First we ask, does it help our users? (explain)
And you can see how that compares to another internal initiative for performance enhancements… (unpack).
And then, compare that to a design and layout upgrade for the platform.
(unpack)
And this can be useful even as you think through he small requests. Remember that every change adds complexity, so even the seemingly small requests may have cascading results.
The purpose of this exercise is to cut down on the complexity of the process, and distill it to some key goals. If this sounds useful to you, I’ve made this available as a PDF that you can download and print. I’ll tweet this link and share it on Slack at the end of my talk.

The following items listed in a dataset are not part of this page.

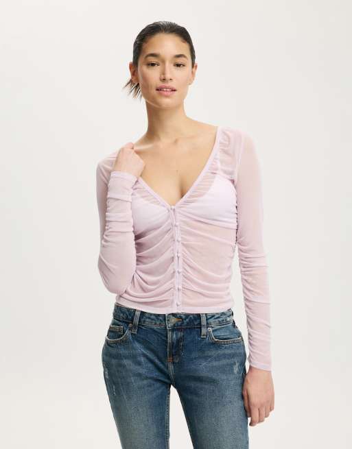 Cotton On Alix mesh button through long sleeve in purple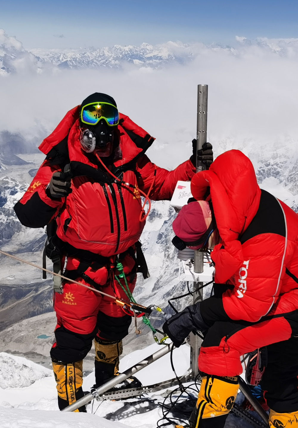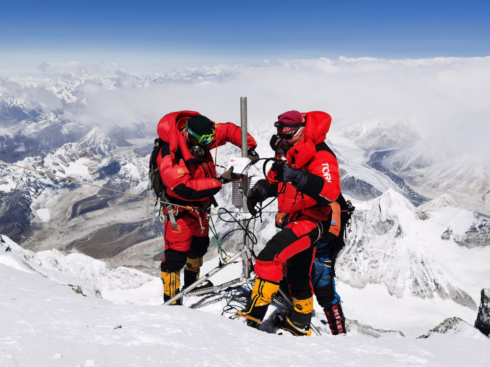 “巅峰使命”珠峰科考正在进行,科考队员在珠峰海拔8800米以上架设自动气象站,并在“地球之巅”利用高精度雷达测量峰顶冰雪厚度。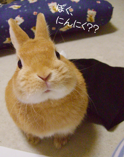 ←ほら。顔が思いきり下膨れで丸くて、耳がちゅんと上に出てる感じが…。これで耳を真っ直ぐにそろえてたら本当ににんにくシルエットですよ。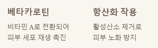 ✅ 피부 미용 및 항산화: 베타카로틴과 비타민이 피부 건강 유지 및 노화 방지에 기여해요.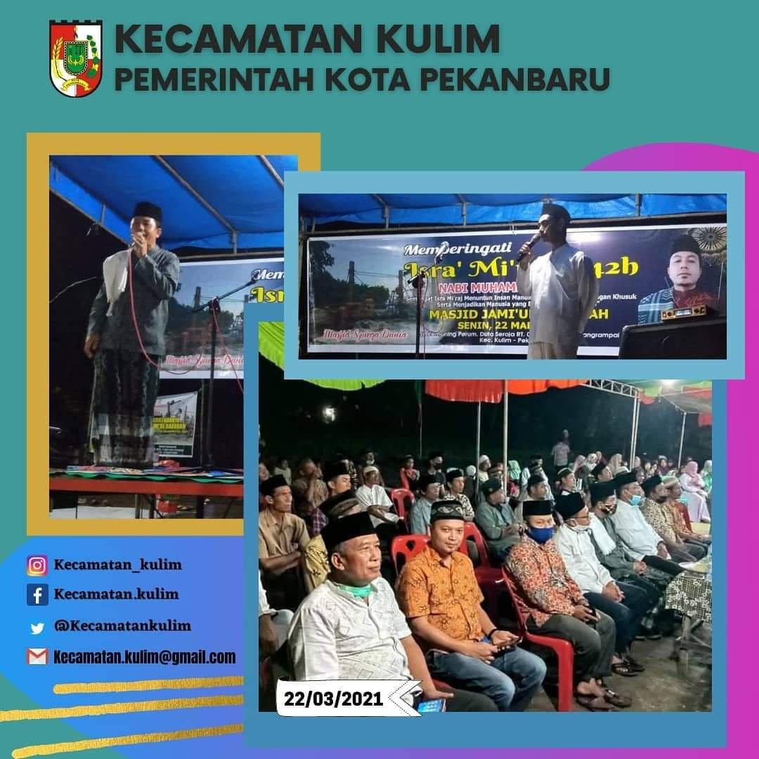 Begitu juga sama dengan Camat Kulim yang diwakili Sekcam Mukhtaruddin.S.Sos saat memberikan sambutan mengatakan bahwa Isra’ Mi’raj adalah Perjalanan Nabi Muhammad SAW bertemu Allah ke Sidratul Muntaha atau langit ke tujuh dalam satu malam saja dimana beliau menerima perintah sholat wajib lima waktu setiap hari.

Over the last six years, we’ve made a lot of small enhancements and improvements, along with the regular bug fixes and module upgrades to our product. But in tandem with those smaller updates and small releases, we’ve also prioritized broader initiatives with a bigger strategic impact based on the mindset that feeds that prioritization framework.
These things - things like making sites mobile friendly, accessible to WCAG 2.0 standards, and improving page load speed and overall performance - didn’t come in the form of feature requests. Those are intrinsically driven because we’re watching the industry and responding proactively to the needs of that broader audience of citizens in search of government services.
What’s key, then, is that as we complete initiatives, we build those principles into all future development.
Our team has found value in prioritizing these development guidelines as our default expectations for anything new we build, based on the completed initiatives. This decision is based on an understanding of our audience, and our conviction that government is responsible for serving all citizens equally.
Caps on a citizen’s mobile data plan, living in a rural area, or having a physical or mental disability should not be barriers to accessing government services online. These development principles get us to a baseline of providing the best effort for access to our services.
Now, meeting these principles in our product development still requires intentionality at every stage - requirements, design, development, testing, and content management.
They’re not part of a default mindset - if we don’t keep up on them as checkpoints in user stories and development sprints, and if we don’t test for them in each cycle, they’ll be forgotten.
If those development principles match your goals, I’ve created a high-level checklist of things to look for to meet those development principles to get you started.
It’s a google doc that you can copy and update as you see fit.
I’ll tweet the link, as well, and share it on Slack.
I could talk about this all day. And I and other team members have blogged about these and other related topics on our team’s website. So you may want to check that out as well.
If there’s anything that struck a chord, let’s chat.
Thank you. And with that, I’m off to our Q&A room.